Abdel aziz MT, El Asmar MF, Atta HM, Mahfouz S, Fouad HH, Roshdy NK, Rashed LA, Sabry D, Hassouna AA, Taha FM - J. Exp. Clin. Cancer Res. (2011)

Bottom Line: Gene expression in rat liver tissue demonstrated that MSCs downregulated β-catenin, proliferating cell nuclear antigen (PCNA), cyclin D and survivin genes expression in liver tissues after HCC induction.Amelioration of the liver status after administration of MSCs has been inferred by the significant decrease of ALT, AST and Alpha fetoprotein serum levels.Administration of MSCs before HCC induction did not show any tumor suppressive or protective effect.

View Article: PubMed Central - HTML - PubMed

Affiliation: Unit of Biochemistry and Molecular Biology, Department of Medical Biochemistry, Faculty of Medicine, Cairo University, Cairo, Egypt.

ABSTRACT

Background: The present study was conducted to evaluate the tumor suppressive effects of bone marrow derived mesenchymal stem cells (MSCs) in an experimental hepatocellular carcinoma (HCC) model in rats and to investigate the possible role of Wnt signaling in hepato-carcinogenesis.
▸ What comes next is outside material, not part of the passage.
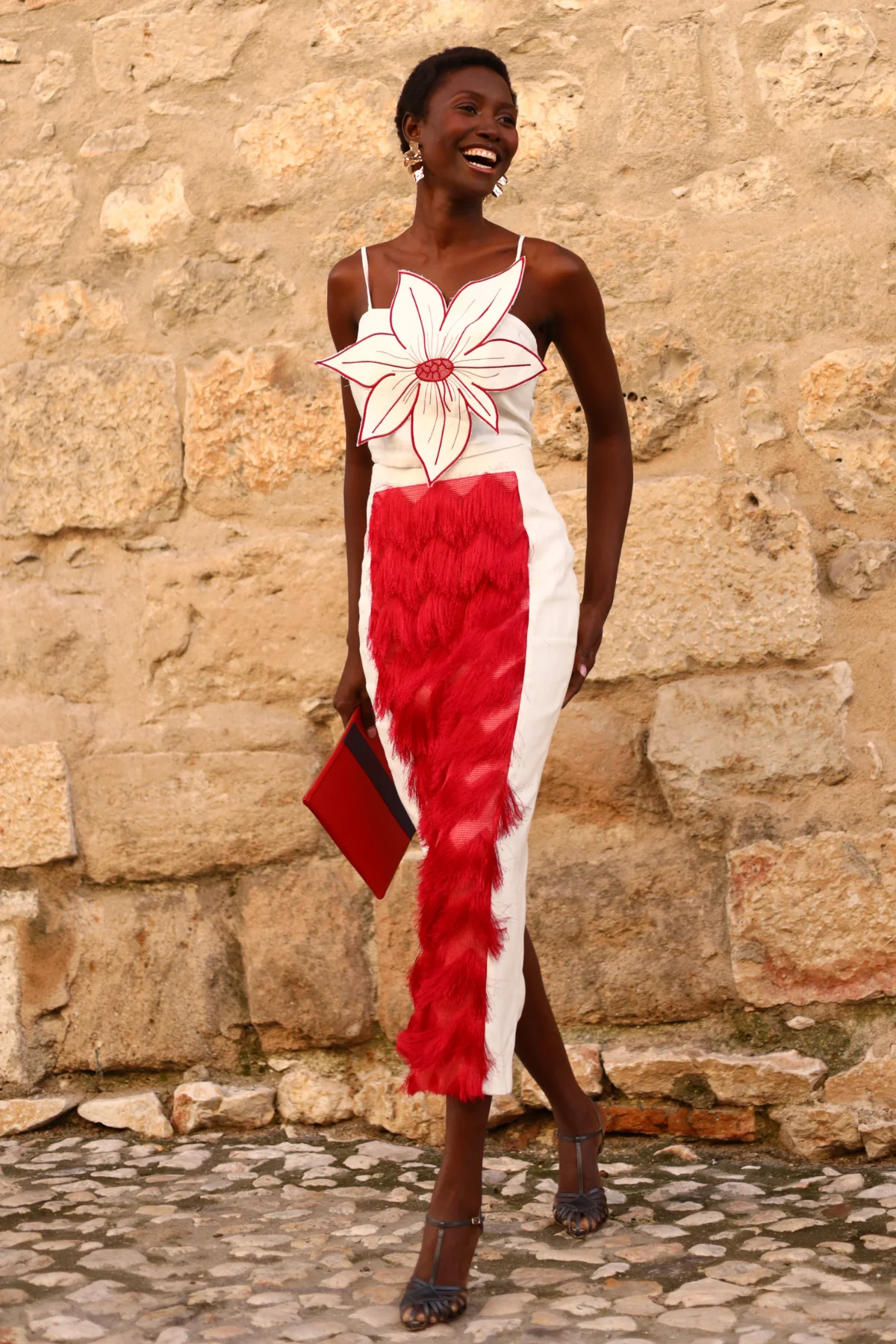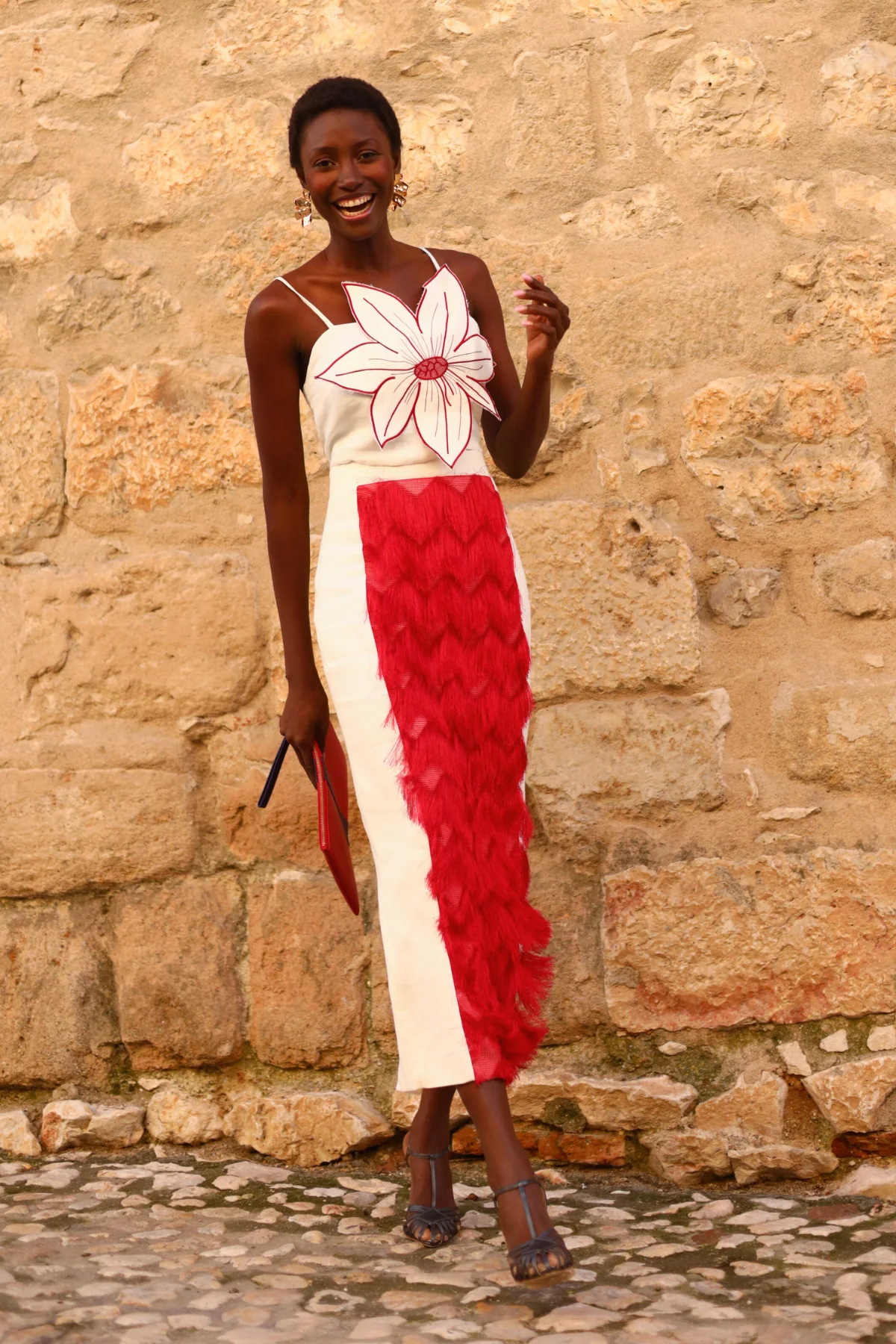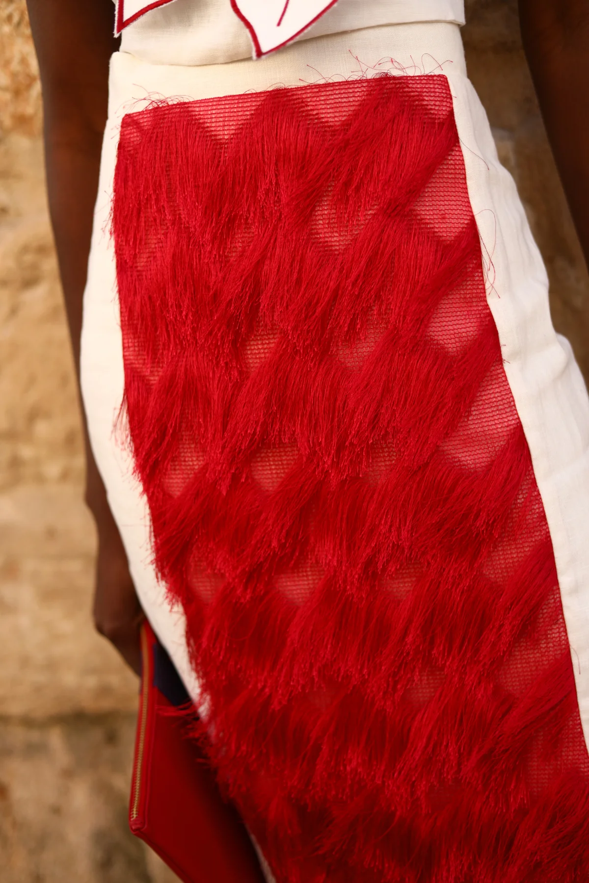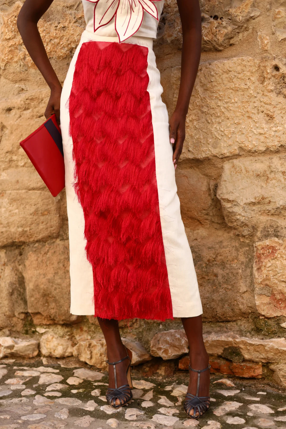 Falda midi de corte recto confeccionada en lino natural. Destaca por su panel central en coral con textura de flecos en relieve, que aporta dinamismo y sofisticación. El contraste de colores realza la silueta con un efecto estilizador.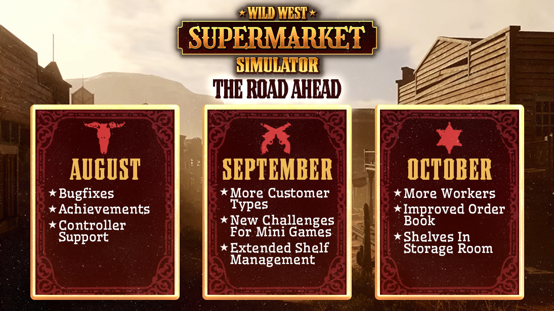 The next things we will focus on, are improving the game and [b]fix any bugs[/b] that may come up, as well as add [b]achievements[/b] and [b]controller support[/b]. We've also planned to add more [b]types of customers[/b], [b]new challenges for minigames[/b] and [b]extend the shelf management[/b]. And, Wild West Supermarket Simulator will get [b]more workers[/b] to hire, an [b]improved order book[/b] and [b]shelves for the storage room[/b].

Methods: Ninety rats were included in the study and were divided equally into: Control group, rats which received MSCs only, rats which received MSCs vehicle only, HCC group induced by diethylnitroseamine (DENA) and CCl(4), rats which received MSCs after HCC induction, rats which received MSCs before HCC induction. Histopathological examination and gene expression of Wnt signaling target genes by real time, reverse transcription-polymerase chain reaction (RT-PCR) in rat liver tissue, in addition to serum levels of ALT, AST and alpha fetoprotein were performed in all groups.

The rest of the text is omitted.